WHAT TO WORK ON: Leave every picture out and write out the records below exactly.
════
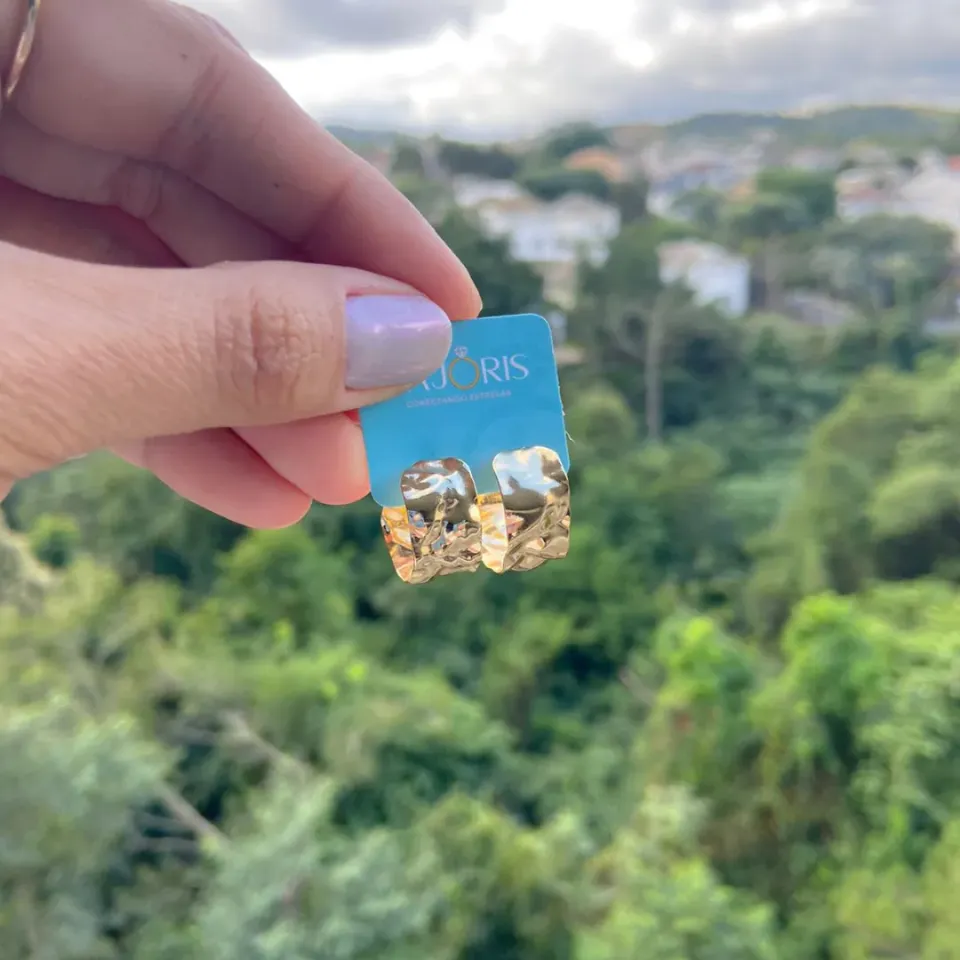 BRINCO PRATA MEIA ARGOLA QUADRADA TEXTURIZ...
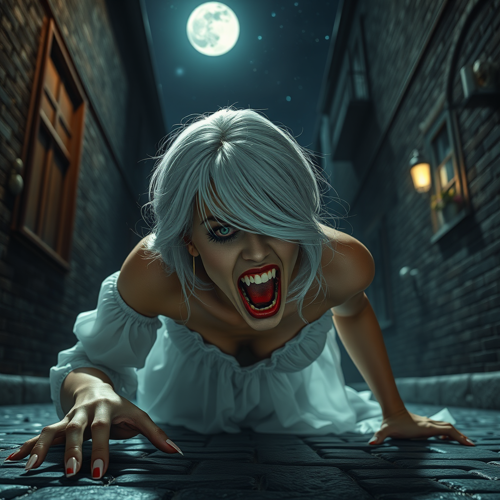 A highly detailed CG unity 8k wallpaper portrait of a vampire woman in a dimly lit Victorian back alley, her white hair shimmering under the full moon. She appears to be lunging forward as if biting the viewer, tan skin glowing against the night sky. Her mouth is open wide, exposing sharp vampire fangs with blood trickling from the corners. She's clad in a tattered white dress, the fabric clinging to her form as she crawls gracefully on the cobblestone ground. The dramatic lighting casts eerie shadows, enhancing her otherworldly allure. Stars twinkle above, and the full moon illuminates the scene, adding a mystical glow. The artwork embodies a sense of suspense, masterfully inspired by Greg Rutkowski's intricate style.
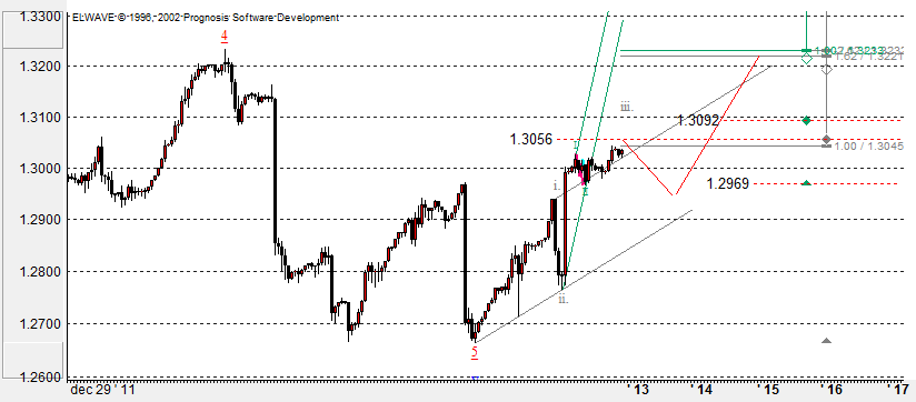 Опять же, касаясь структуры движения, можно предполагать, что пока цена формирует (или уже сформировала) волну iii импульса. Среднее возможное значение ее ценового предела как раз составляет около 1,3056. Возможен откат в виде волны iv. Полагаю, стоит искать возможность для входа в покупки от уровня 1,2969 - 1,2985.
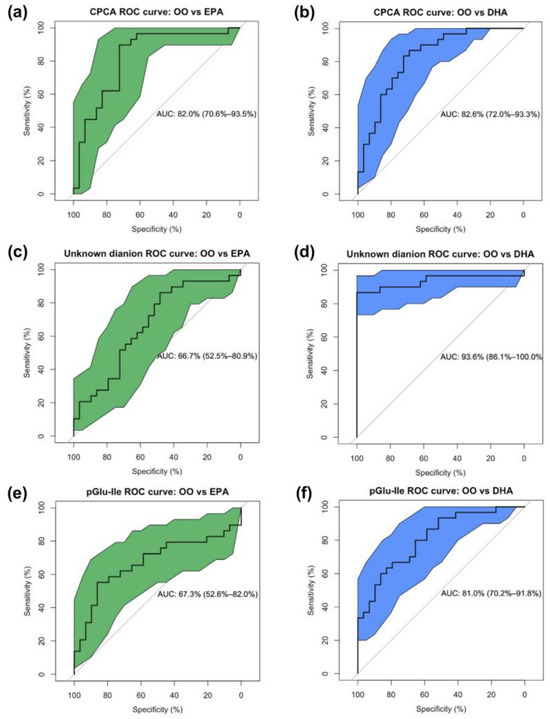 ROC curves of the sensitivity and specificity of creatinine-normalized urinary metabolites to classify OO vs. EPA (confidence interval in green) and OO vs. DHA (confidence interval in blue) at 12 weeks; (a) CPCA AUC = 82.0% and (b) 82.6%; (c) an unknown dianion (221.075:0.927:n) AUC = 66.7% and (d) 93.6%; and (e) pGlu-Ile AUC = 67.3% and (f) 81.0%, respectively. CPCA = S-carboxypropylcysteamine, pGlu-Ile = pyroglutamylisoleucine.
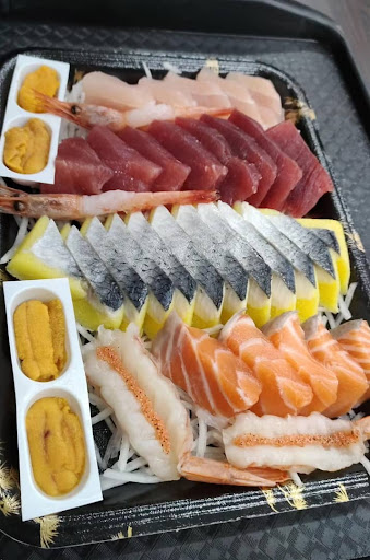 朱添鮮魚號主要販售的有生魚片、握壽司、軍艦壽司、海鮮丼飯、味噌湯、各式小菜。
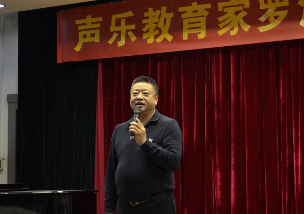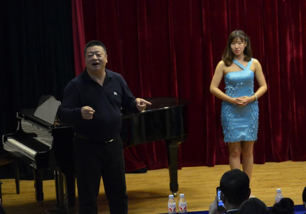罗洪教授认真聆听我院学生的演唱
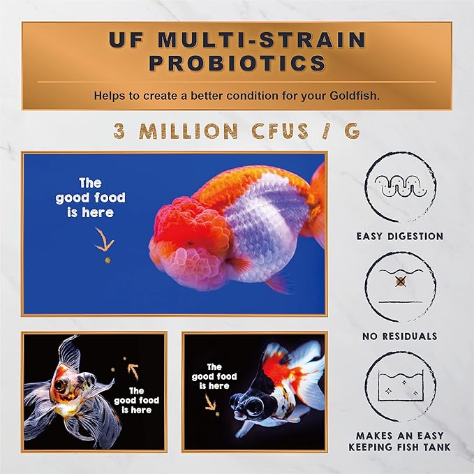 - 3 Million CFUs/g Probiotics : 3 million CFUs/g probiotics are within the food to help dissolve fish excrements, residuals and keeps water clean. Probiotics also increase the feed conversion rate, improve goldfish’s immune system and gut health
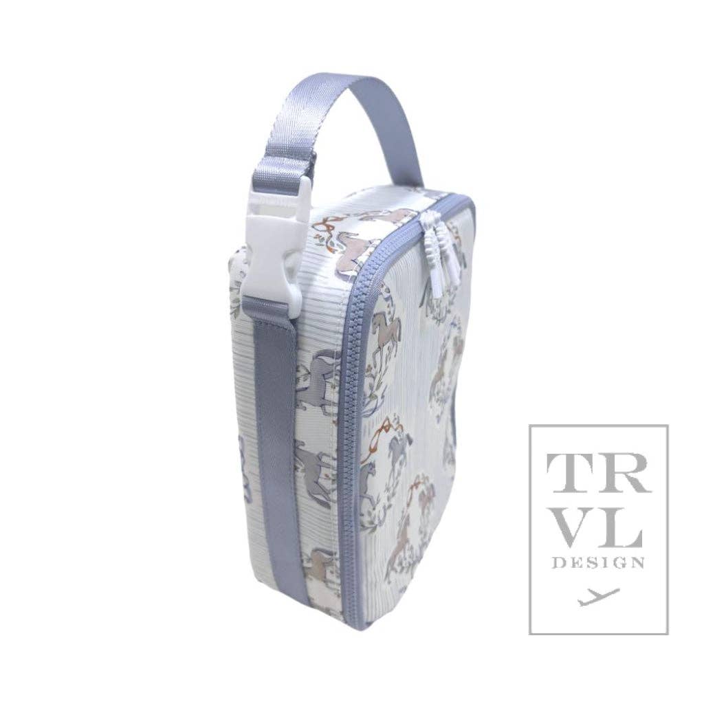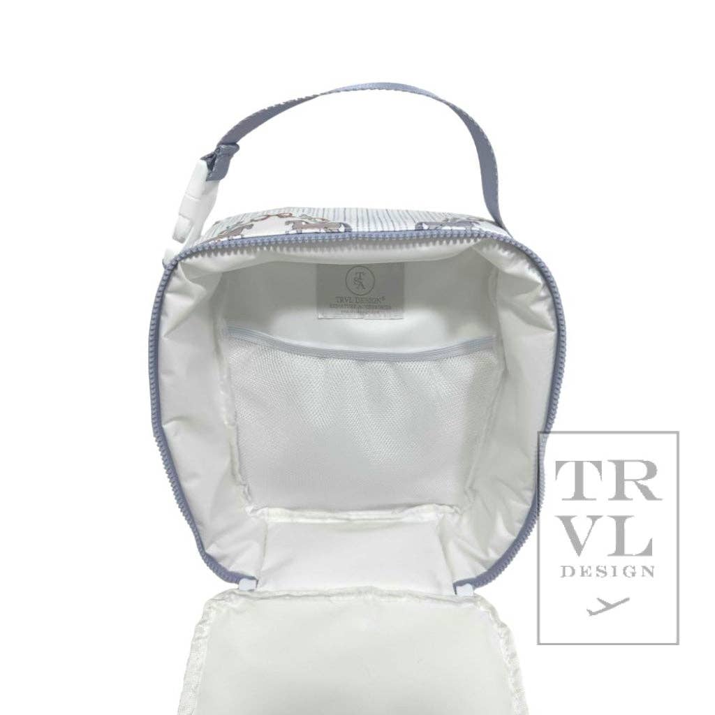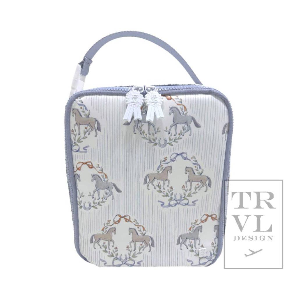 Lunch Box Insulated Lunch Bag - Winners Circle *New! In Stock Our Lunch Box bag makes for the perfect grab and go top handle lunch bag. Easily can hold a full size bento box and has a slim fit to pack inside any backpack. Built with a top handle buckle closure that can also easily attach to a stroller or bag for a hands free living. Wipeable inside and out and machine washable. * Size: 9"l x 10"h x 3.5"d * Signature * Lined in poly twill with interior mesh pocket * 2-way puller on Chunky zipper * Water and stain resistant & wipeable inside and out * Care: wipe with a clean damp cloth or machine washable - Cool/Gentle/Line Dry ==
════
ANSWER:
 BRINCO PRATA MEIA ARGOLA QUADRADA TEXTURIZ...
 A highly detailed CG unity 8k wallpaper portrait of a vampire woman in a dimly lit Victorian back alley, her white hair shimmering under the full moon. She appears to be lunging forward as if biting the viewer, tan skin glowing against the night sky. Her mouth is open wide, exposing sharp vampire fangs with blood trickling from the corners. She's clad in a tattered white dress, the fabric clinging to her form as she crawls gracefully on the cobblestone ground. The dramatic lighting casts eerie shadows, enhancing her otherworldly allure. Stars twinkle above, and the full moon illuminates the scene, adding a mystical glow. The artwork embodies a sense of suspense, masterfully inspired by Greg Rutkowski's intricate style.
 Опять же, касаясь структуры движения, можно предполагать, что пока цена формирует (или уже сформировала) волну iii импульса. Среднее возможное значение ее ценового предела как раз составляет около 1,3056. Возможен откат в виде волны iv. Полагаю, стоит искать возможность для входа в покупки от уровня 1,2969 - 1,2985.
 ROC curves of the sensitivity and specificity of creatinine-normalized urinary metabolites to classify OO vs. EPA (confidence interval in green) and OO vs. DHA (confidence interval in blue) at 12 weeks; (a) CPCA AUC = 82.0% and (b) 82.6%; (c) an unknown dianion (221.075:0.927:n) AUC = 66.7% and (d) 93.6%; and (e) pGlu-Ile AUC = 67.3% and (f) 81.0%, respectively. CPCA = S-carboxypropylcysteamine, pGlu-Ile = pyroglutamylisoleucine.
 朱添鮮魚號主要販售的有生魚片、握壽司、軍艦壽司、海鮮丼飯、味噌湯、各式小菜。
罗洪教授认真聆听我院学生的演唱
 - 3 Million CFUs/g Probiotics : 3 million CFUs/g probiotics are within the food to help dissolve fish excrements, residuals and keeps water clean. Probiotics also increase the feed conversion rate, improve goldfish’s immune system and gut health
 Lunch Box Insulated Lunch Bag - Winners Circle *New! In Stock Our Lunch Box bag makes for the perfect grab and go top handle lunch bag. Easily can hold a full size bento box and has a slim fit to pack inside any backpack. Built with a top handle buckle closure that can also easily attach to a stroller or bag for a hands free living. Wipeable inside and out and machine washable. * Size: 9"l x 10"h x 3.5"d * Signature * Lined in poly twill with interior mesh pocket * 2-way puller on Chunky zipper * Water and stain resistant & wipeable inside and out * Care: wipe with a clean damp cloth or machine washable - Cool/Gentle/Line Dry ==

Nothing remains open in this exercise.